Mapping out global action on driver jobs, legal issues

"Governments must consider ways to manage the transition to driverless trucks so as to prevent potential disruption from job losses," underscored a recent report published by the International Transport Forum in association with the European Automobile Manufacturers' Association (ACEA) and the International Transport Workers' Federation.

The report acknowledges that self-driving trucks will help save costs, lower emissions and make roads safer, in addition to addressing a shortage of personnel, a problem for the road transport industry. However, the report reveals that automated trucks cold reduce the demand for drivers by 50 to 70 percent in the U.S. and Europe alone by 2030.

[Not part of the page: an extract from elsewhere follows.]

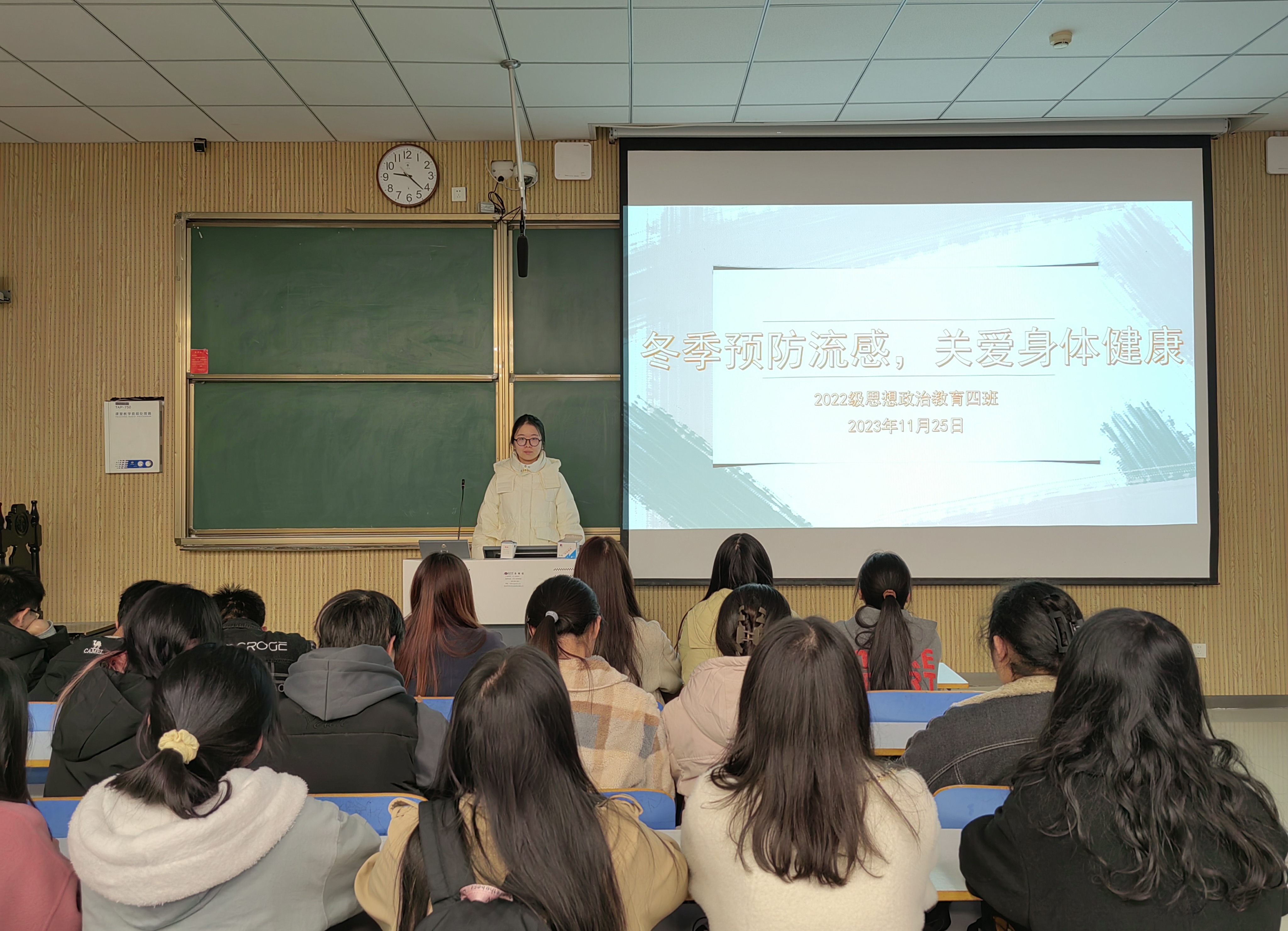 为普及冬季流感健康知识,提高同学们对于疾病的防治意识和能力,11月25日下午,永利集团官网2022级思想政治教育四班在社科楼515教室召开“冬季预防流感,关爱身体健康”主题班会。永利集团官网2022级思想政治教育四班全体同学参与本次班会。本次班会由班长牛志杰主持。

"Driverless trucks could be a regular presence on many roads within the next 10 years. Self-driving cars already operate in controlled environments like ports or mines. Manufacturers are investing heavily in automation, and many governments are actively reviewing their regulations. Preparing now for a potential negative social impact of job losses will mitigate the risks in case a rapid transition occurs," said José Viegas, Secretary-General of the International Transport Forum at a press conference unveiling the report.

In order to mitigate the social and legal impacts of automated trucks, governments were advised to institute an efficient working mechanism to shape the transition to driverless trucks and introduce harmonized rules or legislative work. However, as the former Estonian president highlighted, job losses are only one aspect of the automated transport industry. Governments around the world have a lot to work on to satisfy the social, legal and political demands of the digitized transport industry.

It seems that governments do not only vie with one another to preserve the international balance of power, but they are also obliged to play the same game with autonomous vehicles, the new members of the digital world.